Certamente c'è stata revisione della spesa, nel senso che si sono spostate somme da taluni capitoli ad altri, senza peraltro che si sia percepito alcun beneficio per chi paga le tasse. Ma in termini complessivi la spesa non è stata ridotta (semmai il contrario), quindi credo sia legittimo concludere – Padoan se ne faccia una ragione – che sia stata fatta male.

Le chiacchiere non trovano riscontro nei numeri, nonostante Gutgeld abbia cercato di "giocare" con gli stessi per intestare a se stesso e al governo risultati inesistenti.

Dato che il periodo preso in esame dal commissario è il triennio 2014-2016, è bene iniziare dai numeri. A fine 2013 la spesa pubblica complessiva ammontava a 815,7 miliardi. A fine 2016 era a quota 829,3 miliardi, con un aumento di 13,6 miliardi.

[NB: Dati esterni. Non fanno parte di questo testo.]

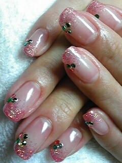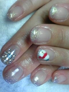 | ピンクラメグラデーションに添えたクリスマスカラーのストーンがなんとも可愛い。 |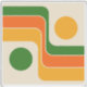 A dynamic abstract composition featuring two bold circles—one yellow, one green—linked by three flowing bands in green, orange and yellow. Each stripe is bordered by crisp lines, curving gracefully across a soft beige background. The interplay of shape and color evokes 1970s graphic design, balancing visual rhythm with sculptural simplicity. The result is a harmonious, retro-inspired piece that captures motion, contrast, and editorial clarity.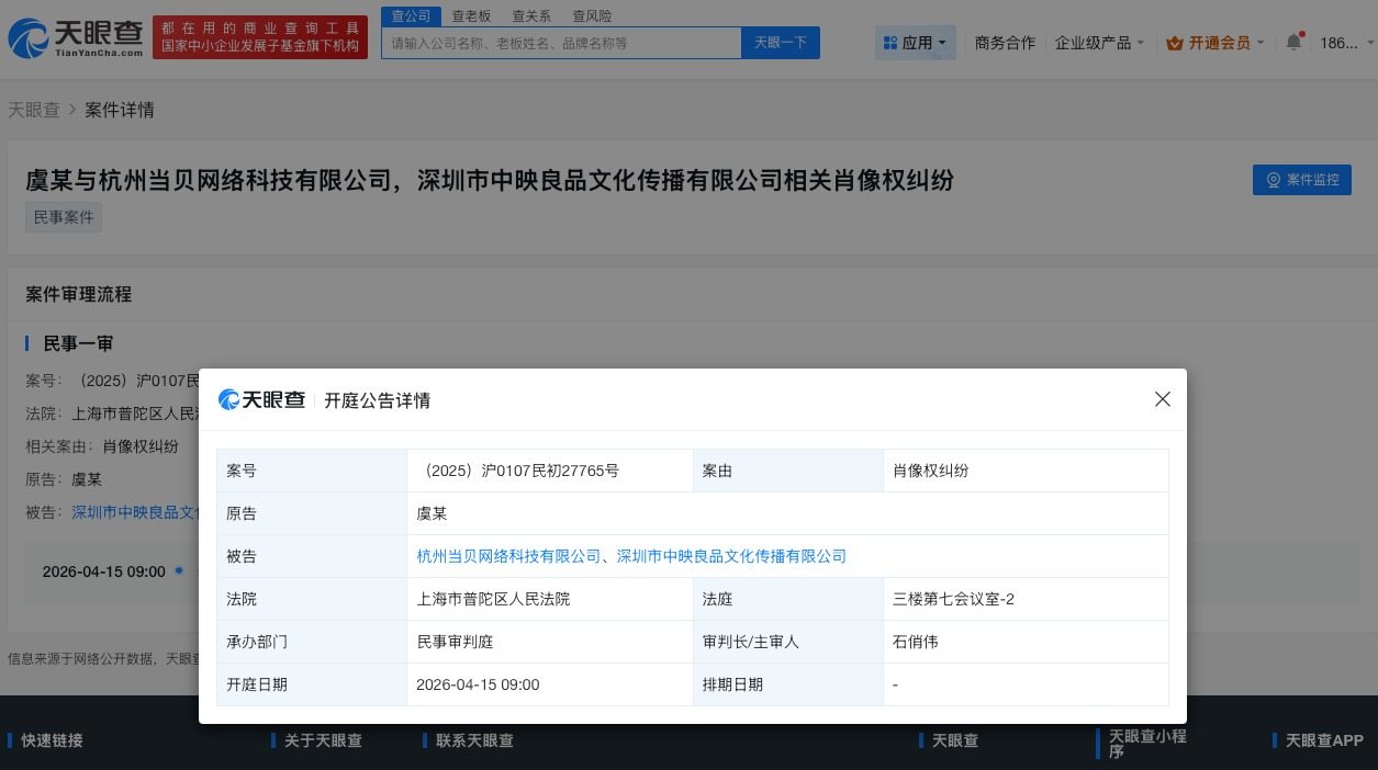 天眼查天眼风险信息显示,近日,虞书欣分别与荆州市一统网络科技有限公司、杭州当贝网络科技有限公司等新增开庭公告,原告均为虞书欣,案由均为肖像权纠纷,两案均于2026年4月15日在上海市普陀区人民法院开庭审理。

In rapporto al Pil nominale, la spesa totale è diminuita di 1,2 punti percentuali. Ma, al netto degli interessi, il calo è stato solo dello 0,4 per cento del Pil.

Le voci di spesa realmente diminuite sono quelle relative agli interessi sul debito (e questo non dipende dalla spending review) e agli investimenti pubblici (quelli di cui tanto si riempiono la bocca i keynesiani di ogni dove). Le spese correnti sono aumentate di oltre 22 miliardi.

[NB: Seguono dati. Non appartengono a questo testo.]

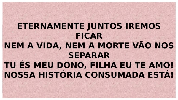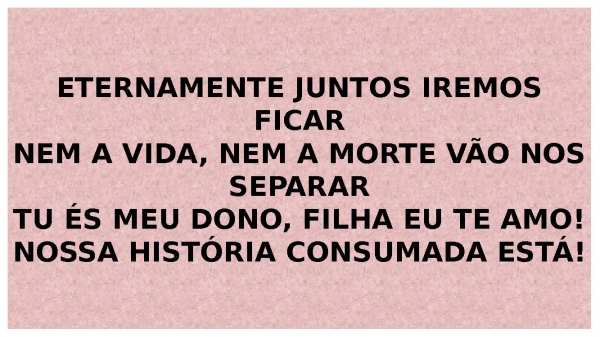 - ETERNAMENTE JUNTOS IREMOS FICARNEM A VIDA, NEM A MORTE VÃO NOS SEPARARTU ÉS MEU DONO, FILHA EU TE AMO!NOSSA HISTÓRIA CONSUMADA ESTÁ!

Come sempre, poi, il bonus renziano da 80 euro è stato considerato, a seconda della convenienza, come minori tasse o maggiori prestazioni sociali, nel tentativo di sostenere che si sono calate le tasse pur aumentando le prestazioni sociali, riducendo al contempo il deficit. Correttezza vorrebbe che la stessa somma fosse considerata in un unico modo, onde non moltiplicarne virtualmente i presunti benefici.

A mio parere il passaggio del saldo primario dal 2,1 all'1,5 per cento del Pil rende evidente che di risanamento non c'è stata ombra, nonostante il beneficio per le casse dello Stato di una riduzione della spesa per interessi dovuta al Qe della BCE.

Quando questo effetto dopante verrà meno, l'Italia resterà con un debito pubblico che ha continuato comunque ad aumentare (anche in rapporto al Pil), e allora non ci sarà gioco di prestigio sui numeri che tenga.